Historyczne wydarzenie w PlusLidze

W niedzielę 2 października około godziny 17:30 byliśmy świadkami historycznego wydarzenia w polskiej siatkówce. Na boisko, położonej na granicy Gdańska i Sopotu Ergo Arenie, wyszły zespoły Trefla Gdańsk i Barkomu-Każan Lwów, by rozegrać mecz pierwszej kolejki PlusLigi. Obie drużyny powitała prezydent Gdańska, Pani Aleksandra Dulkiewicz. – Wierzcie, że o niczym innym nie marzę tylko o tym, żebyście znowu grali we Lwowie - życzyła. - Niech żyje Polska, sława Ukraini - powiedział mer Lwowa, Andrij Sadowy, który podziękował Polsce i Polakom za pomoc okazaną jego rodakom. Odegrane zostały hymny narodowe obu krajów.

23318d

Pierwszego seta pewnie wygrali gdańszczanie 25:18. Jednak siatkarze ze Lwowa walczyli. W połowie partii przegrywali tylko 14:16. Następnie stracili w serii kilka punktów. Dwa kolejne sety gospodarze wygrali 25:21, 25:17 MVP Spotkania został Piotr Orczyk.

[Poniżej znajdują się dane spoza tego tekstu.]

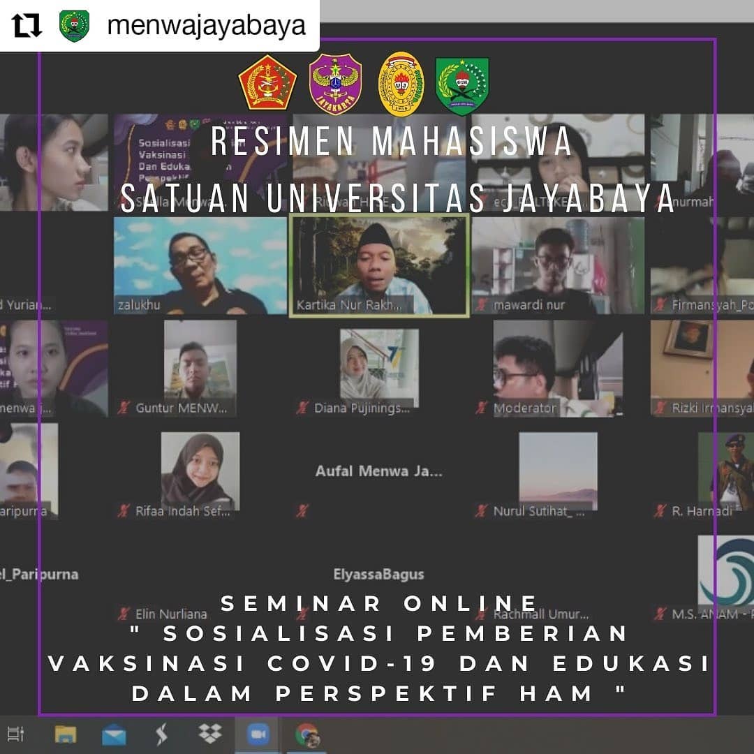 Resimen Mahasiswa Satuan Universitas Jayabaya telah sukses menyelenggarakan Seminar Online bertema “Sosialisasi Pemberian Vaksinasi COVID-19 dan Edukasi dalam Perspektif HAM” pada Sabtu, 20 Februari 2021 pukul 13.00 WIB. Kegiatan ini menjadi ruang edukatif untuk meningkatkan pemahaman masyarakat mengenai pentingnya vaksinasi serta kaitannya dengan perlindungan hak asasi manusia.

To jest wielkie wydarzenie, bo mecze w PlusLidze będą dla Ukraińców namiastką ojczyzny - tak o debiucie ukraińskiej drużyny mówi Artur Popko, prezes Polskiej Ligi Siatkówki.  Barkom-Każany Lwów powstał w 2009 roku, a cztery lata później awansował do ukraińskiej ekstraklasy. W 2016 roku klub odniósł pierwszy sukces, jakim było zdobycie Superpucharu kraju. Później sukcesy przychodziły do roku: Puchar Ukrainy (2017), mistrzostwo kraju (2018). W sumie Nietoperze (Każany) trzy razy byli najlepsi w lidze i czterokrotnie w pucharze. Jednym ze współtwórców sukcesu był olimpijczyk z Monachium, który prowadził czołowe zespoły PlusLigi, Jan Such.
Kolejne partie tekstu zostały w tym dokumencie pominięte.